When I entered back into the stands I was thronged by several people who told me that was the most awesomely honest prayer they’ve ever heard at a Gamecocks game. The attention got me a bit nervous, because if there was that much positive response, there would be plenty of negative backlash as well. So, I just sat back and waited for it to come back to bite me. Suffice it to say, I was brought up on a Monday morning talk radio show which asked listeners if the prayer was inappropriate or refreshing. I didn’t hear about the show until after the fact, but apparently several strongly opinionated phone calls came in both praising it and condemning it. I didn’t like where this was going. Throughout that week I received several emails from friends, students and acquaintances cheering me on about the prayer; their own friends were even buzzing about it. I think it was the closest thing I’ve ever had to fan mail.
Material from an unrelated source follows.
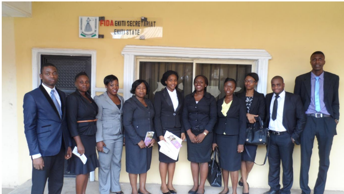
ABUAD clinicians and Executives of FIDA

FIDA agreed to collaborate with the ABUAD Law Clinic in the area of workshop as it has agreed to invite and carry clinicians along in the FIDA week. The Association has also agreed to collaborate in the area of ADR by allowing students participate in mediation sessions taking place at their office. The Law Clinic may, subject to the approval of relevant authorities, seize the opportunities made available by FIDA.
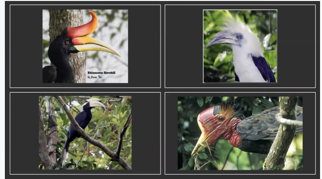
Helmeted hornbill ( Rhinoplax Vigil ) (bottom right) and other types of hornbill.

I knew what was coming.
Within days of the game I was informed by the Athletic Department that my name would never appear on the opening prayer roster again. I was banned, and it was hilarious.
I was banned (which is short for “banished”) because I essentially went off-script. I uttered a prayer that was unexpected and unusual, and was a bit too casual for some to stomach. It was just a silly football game prayer. But it certainly shows how going off-script makes a lot of good religious folks pretty nervous. It’s disruptive to their notion of God and spiritual practice. I can only imagine how uncomfortable the religious majority got when they heard some disruptive notions coming from the mouth of a homeless carpenter’s son. Jesus calling God “daddy” during a public prayer seemed pretty inappropriate, I’m sure. Jesus comparing spiritual celebrities to masked actors was an honest slap in the face to them. Saying the condition of the heart is more urgent than the outer appearance of righteousness was pretty disturbing to a culture that, more or less, lived their faith out only on the surface. Jesus calling for the forgiveness of his executors, while he was expected to curse them, was very unexpected. Jesus was way off-script.
Maybe we all feel pressured to simply follow a script, whether it be how we are expected to practice, the theological details we are expected to subscribe to, or the stances we are expected to take on difficult issues. But, there is little risk in simply following a script and defaulting to the powers that be. I believe that going off-script is an effort to be genuine; to shake off the falsehood. It is an effort to bravely engage with what is actually happening around us. But, be warned, you may be banned from a catered lunch in a press box for the rest of your life.